A Python module is a collection of reusable functions. You can create a module by putting some function definitions in a file with the extension `.py`. For example, put some of the functions you defined above in a file called `functions.py`. You can then use them from any notebook or other Python code by importing like this:

```python
from functions import * 
```
This will import all functions from this module, and they can be used directly.

The alternative is:

```python
import functions as F
```
where `F` is some shortened name. If your module have the function `scale`, you will then call it as `F.scale`.
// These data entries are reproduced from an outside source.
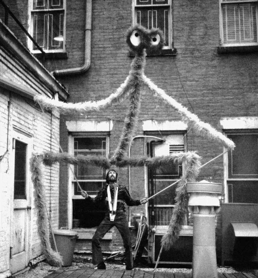 | Jim Henson demonstrates the puppet on the roof of his New York City office. | |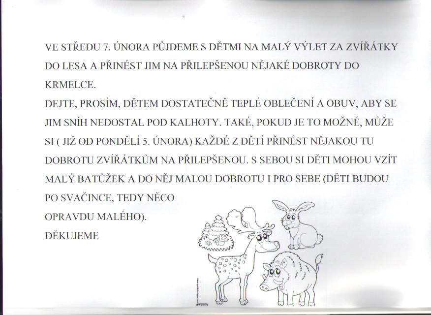 Ve středu 7. 2. půjdeme za zvířátky do lesa a ve čtvrtek 8.2 nás čeká v kině představení Tajný život mazlíčků.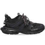 The Balenciaga Track Black is a standout addition to the brand's women's sports collection. Crafted from a mix of mesh and nylon, this sneaker features a sleek all-black upper with contrasting white extra laces. The shoe is marked with the size on the edge of the toe, while "Track" branding appears at the back and "Balenciaga" is embossed on the tongue and exterior.Designed with a distinctive sole that includes an augmented back, the Track Black combines bold style with functional innovation. Released on September 3rd, 2018, this sneaker is a striking blend of performance and luxury.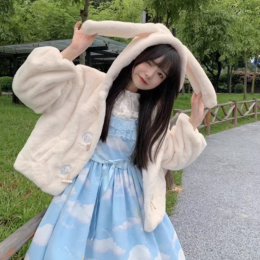 ゆめかわいい ロリータ ファーコート うさぎ耳 ふわふわ ジャケット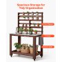 VEVOR Potting Bench Table, Outdoor Gardening Workstation with 115 x 66 x 169.5 cm Stainless Steel Tabletop, Storage Shelves, 4 Casters, Hooks, Garden Planting Work Station for Outside Patio, Backyard, Brown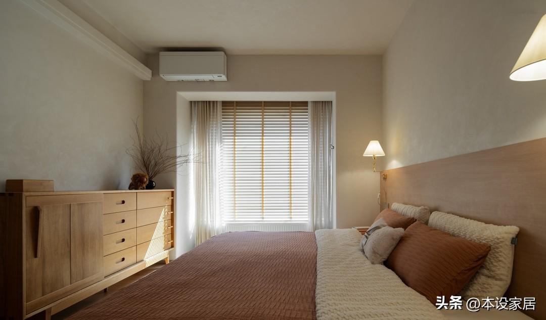 由於次臥和家政間都設置儲物櫃,只定制一組實木鬥櫃添加收納空間,在擺下一張雙人牀及牀頭櫃後,空間依然顯寬敞,留出了日後可能使用輪椅的通道。

## Imports inside modules (IMPORTANT)
The module must import everything it uses. For example, if your module `functions` uses numpy, then it needs to import it at the top of the file. It is not sufficient for the notebook which uses the module functions to import numpy.

Try this in a new notebook.


**For the programming exam you will submit Python modules with some function definitions.** 
Make sure you understand this concept if you haven't seen it before.